Typically you will find a small bottle of oil in the packaging to lube your own bearings. As soon as you add this oil to the bearings, the free spin reduces.

Using a super-thin lubricant also requires you to often clean and lube your bearings, or should I say your personal mechanic. No privateer does this every 200 miles or so, this is elite level athlete territory. 

Kogel's Take on Out-of-the-Box Lubricity

Kogel's philosophy is "Everyday Racing Products". This means getting as close to world-championship winning friction levels as we can, but without the need for the world-champion athlete's personal mechanic. Use the same setup for racing and training.

For this reason we use low friction grease in our bearings. They look slower than the competition on the showroom floor, but after you put a few hundred miles on the parts, the grease is redistributed: a thin film remains on the balls and races. Low friction AND durability: Everyday Racing! 

Best of Both Worlds

The beauty of shipping lubricated bearings is: if you want the lowest friction for your 70.3 world champs race, you can flush out the bearings and use a thin oil for race day. After race day, clean again and use Low Friction Grease for your recovery rides and training days.

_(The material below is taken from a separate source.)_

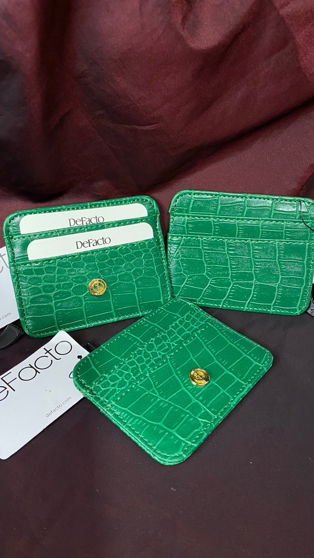 Yeşil deri yılan desenli kadın cüzdanı, fermuarlı ve çoklu kart bölmeleriyle DeFacto markasına ait.

Have a look at below video, which shows the different bearing setups and how they affect free spin: dry, racing oil, grease and grease after break in.

Notes with video:

See the bearings spin freely for about 30 seconds in this video. As soon as a light oil is added, the free spin reduces to 8 seconds. The grease spin is unimpressive, but almost doubles after 100km of riding. This will keep improving as you put more miles on your Kolossos cage.

*disclaimer: for the engineers about to comment that a bearing under load behaves completely different from a bearing without load: you are 100% right. Free spin tests do not tell the full story. However, the load on derailleur pulleys is very small, mostly caused by the chain and spring tension in the rear derailleur. Spin tests are fun and a good method to benchmark performance for people that do not own a hyper-precise friction lab.